Woodward remained one of the most extensive cattle shipping points in Oklahoma Territory. Town leaders had made certain that market drives would not be fenced away from the stockyards. In keeping with the cattle-marketing tradition, on February 23, 1933 the Woodward Livestock Auction opened. It was the first commercial-grade cattle auction in Oklahoma.
The open range had ended in 1901. Homesteaders flooded in, and by late 1902 cowponies tied to hitching posts no longer lined Main Street. They had been replaced by farmers’ wagons, soon to be filled with crops for market. Corn, cotton, and broomcorn were initially planted by many farmers, however these eventually gave way to wheat as the primary cash crop by 1914. Woodward’s population had grown from to over 2,000 people in 1907 to 2,696 in the 1920 census.

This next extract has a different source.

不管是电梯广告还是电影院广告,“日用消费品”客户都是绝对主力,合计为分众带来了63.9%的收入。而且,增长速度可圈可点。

With beef cattle being replaced by the farmers’ milk cow and progress measured in the number of acres broken by the plow, the USDA established the Great Plains Field Station southwest of town in 1913. Years later, beef cattle once again dominated the land, and re-grassing northwest Oklahoma became a new goal of the station. In 1978, the facility was renamed the Southern Plains Range Research Station.
By 1930, Woodward’s population had grown to 5,056 residents. During the Great Depression, local Works Progress Administration projects included the damming of an artesian well (a failed oil well venture) to form Crystal Beach Lake and its adjacent park. This facility would become a playground for Woodward’s trade area and home for the Elks Rodeo, which began in 1929. Organizers were some of the men who had ridden for the big cow outfits in the 1800s. Woodward’s population continued to grow during the depression years reaching 5,406 inhabitants in 1940.

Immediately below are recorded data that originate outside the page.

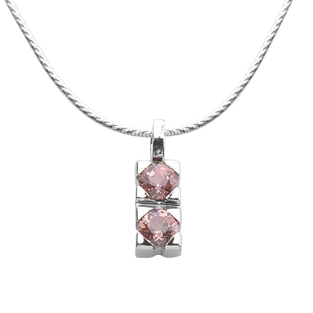 This tourmaline square pendant combines clean geometry with vibrant natural stones. Crafted from 925 sterling silver, the pendant weighs just 1.97 grams, yet offers sharp elegance and a modern edge. It features two square-cut natural tourmalines, totaling 1.02 carats, placed within a minimalist rectangular silver frame. The design balances simplicity and boldness, creating a structured yet elegant form. This tourmaline square pendant is a statement of refined geometry and subtle color.
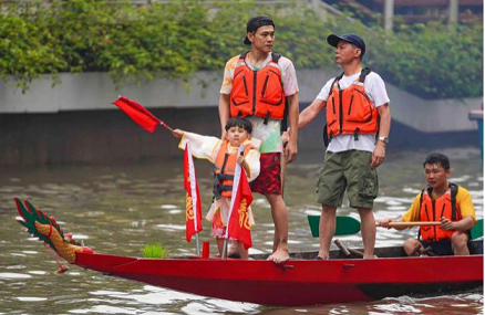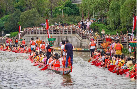 “龙船采青”是广东地区端午节前的标志性仪式,5月18日,午后的一场“龙舟水”没有浇灭龙舟热,猎德涌边人山人海,猎德村老青少齐上阵,不惧雨水湿衫,正式开启全民龙舟季欢乐时刻。
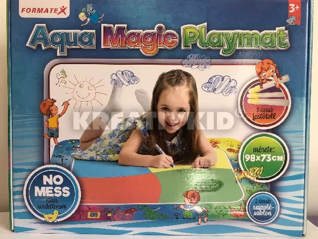 Az Aqua Magic rajzszőnyeg elvarázsol minden kicsit. A szőnyegre a különleges tollal lehet rajzolni, aminek van egy tartálya, amit vízzel kell megtölteni, majd azzal a szőnyegre rajzolni. A szőnyeg színe megváltozik, így jelenik meg a rajz. Amint a víz megszárad, a rajz eltűnik és újra indulhat a móka. A szőnyeg piros, sárga, kék és zöld alapú. A csomagolás tartalmazza a tollat is.

Woodward’s story forever changed the night of April 9, 1947 when a tornado ripped across the city shortly after 8:30pm. The storm moved from southwest to northeast, destroying 200 city blocks, which were mostly residential areas, and killing more than 100 people. The effects of the twister would change the area so much that history would now be measured as having happened before or after the tornado. Woodward continued to grow despite the tragedy, with the 1950 census showing a population of 5,915.
In late November 1956, Woodward began a new adventure — the roller coaster ride of oil and gas production. McCormick #1 became the country’s discovery gas well, and a boom of more than twenty years followed. Main Street and Oklahoma Avenue stretched west to the “Oil Patch.”